The Silk Road Project, a nonprofit arts and educational organization created by world-renowned cellist Yo-Yo Ma ’76, will move its headquarters from the Rhode Island School of Design in Providence, R.I. to a Harvard property in Allston in July.
The lease marks the University’s second successful letting of a vacant property in the neighborhood since the December announcement that Harvard would be aggressively pursuing tenants for its unoccupied holdings in Allston.

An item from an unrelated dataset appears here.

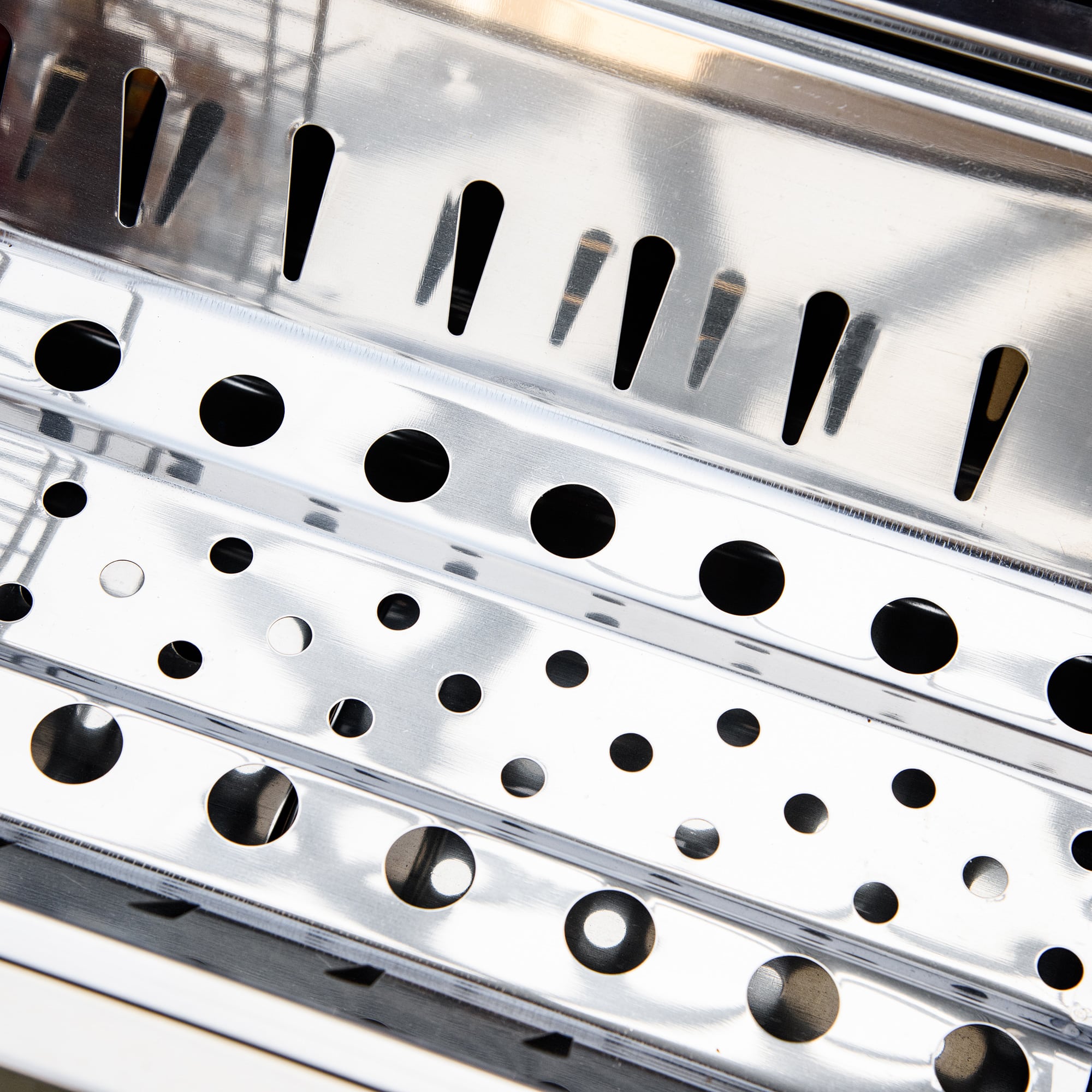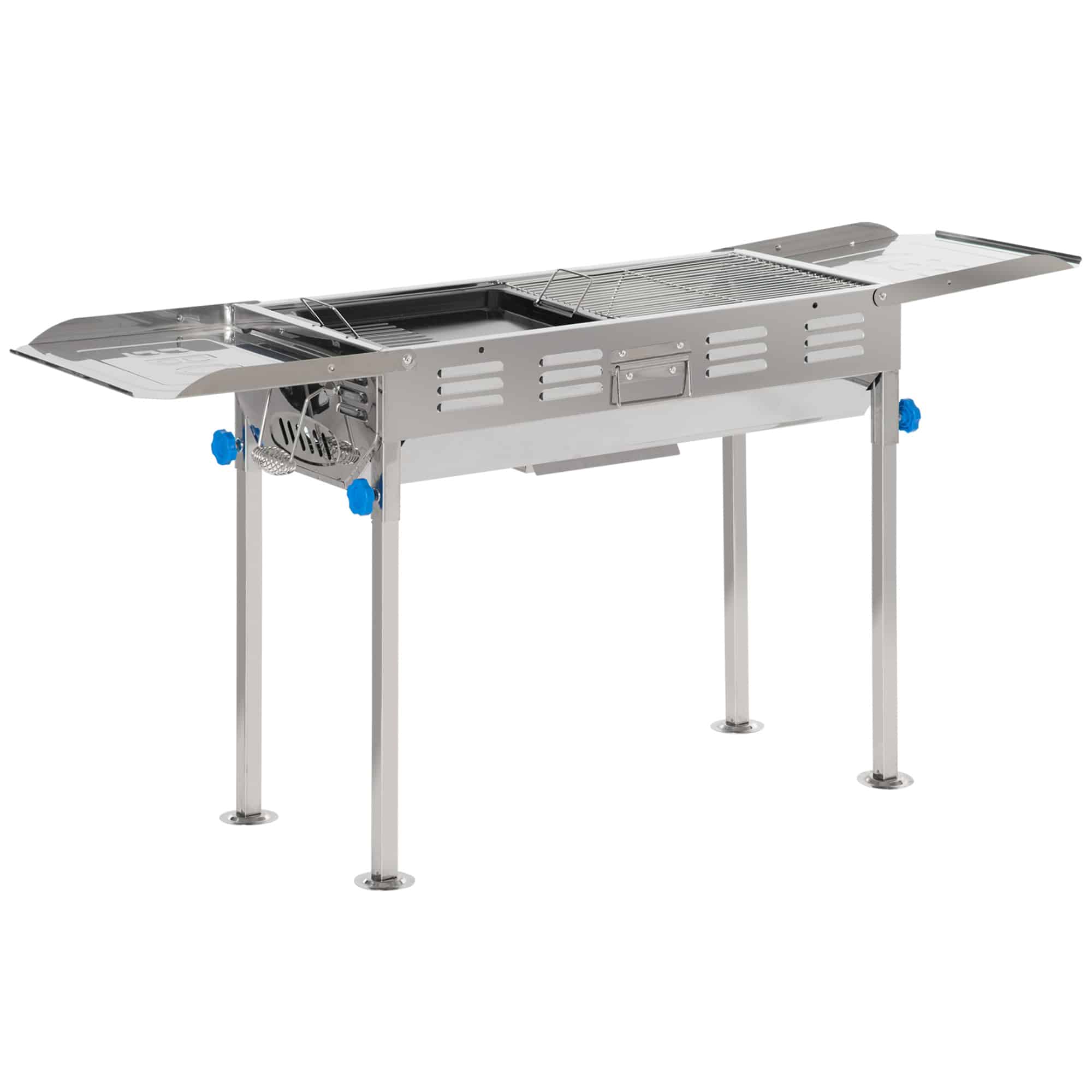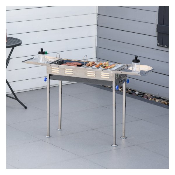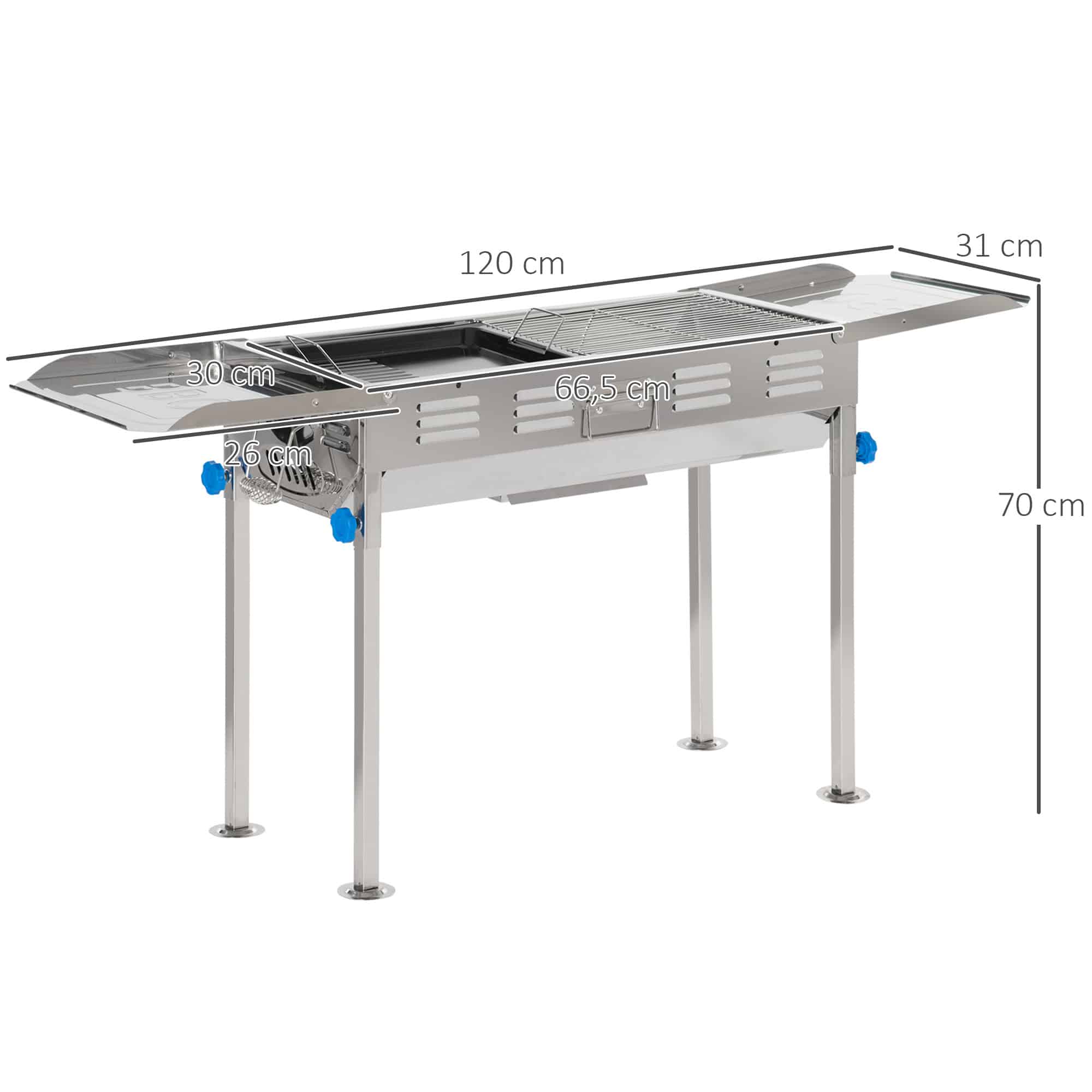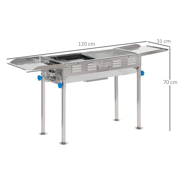 De Premium RVS Houtskoolbarbecue in Zilver biedt een complete barbecue-ervaring die je niet wilt missen. Met zijn ingebouwde aslade kun je na het grillen eenvoudig de as verwijderen, waardoor schoonmaken een fluitje van een cent is. Ook het warmhoudrek van de barbecue zorgt ervoor dat gerechten op temperatuur blijven terwijl je nog aan het grillen bent. Het ingebouwde kruidenrek zorgt ervoor dat je gerechten altijd perfect op smaak zijn.

The announcement came in the wake of the indefinite halt of construction on the Allston Science Complex, a major component of Harvard’s plans to build a new campus across the Charles River.
The Silk Road Project recently completed a five year residency at the Harvard Graduate School of Education, a collaboration that motivated the organization to move to Allston in order to form a deeper partnership with the University, according to Ma.

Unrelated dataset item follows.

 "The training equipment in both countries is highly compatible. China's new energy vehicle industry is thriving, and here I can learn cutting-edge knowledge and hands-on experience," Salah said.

“By actually being more on campus we can have a deeper engagement with and understanding of what’s actually happening at the University,” he said.
Ma emphasized that the move will help advance the organization’s goal of bringing together artists and audiences worldwide to engage in multidisciplinary artistic exchange.
“What we want to do is maximize the passion for and the memorability of learning things,” Ma said. “We want to sponsor courses at Harvard where people are making things, emphasizing the continuity between thinking and making, using all of our senses in order to pursue creative inquiry.” In addition to sponsoring and informing course offerings, the Silk Road Project hopes to hold symposia on subjects ranging from the state of the arts to community involvement.
University officials said they had high hopes for the Silk Road Project’s involvement in arts programming at Harvard.
“Silk Road’s move to Harvard is also a representation of Harvard’s commitment to the arts and to international dimensions on the arts,” University President Drew G. Faust said.
Ma also said that Silk Road hopes to be directly involved with the Allston community.
“We want to listen to their wish-list and see if there’s any way of making some of those things happen,” Ma said.
Faust also said she was excited to see how the Silk Road Project would integrate itself into the Allston neighborhood.
“I think the Silk Road’s engagement with Harvard and the community will be a real plus for all of us,” Faust said.
Allston resident Ray Mellone, who chairs the Harvard Allston Task Force, echoed those sentiments.
“I think it will benefit the community,” Mellone said, adding that he especially hoped the Silk Road Project would improve arts education in Allston.
Silk Road’s move to the neighborhood is emblematic of Harvard’s overall leasing strategy in Allston, according to University Executive Vice President Katherine N. Lapp, who oversees the leasing of Harvard’s Allston property and its relations with the local community.
“This is an example of weaving together Harvard’s priorities along with our spaces in Allston, not only to bring vibrancy to the community, but to reflect this institution’s priorities,” Lapp said.
The announcement of Silk Road’s move comes less than three weeks after Harvard finalized the lease of another one of its Allston properties to Earth Watch, a nonprofit environmental organization.
Lapp said she hopes to announce more leases to local organizations in the near future.
“We leave no stone unturned,” Lapp said. “We continue to follow up with people. We will continue to be as aggressive as we have been.”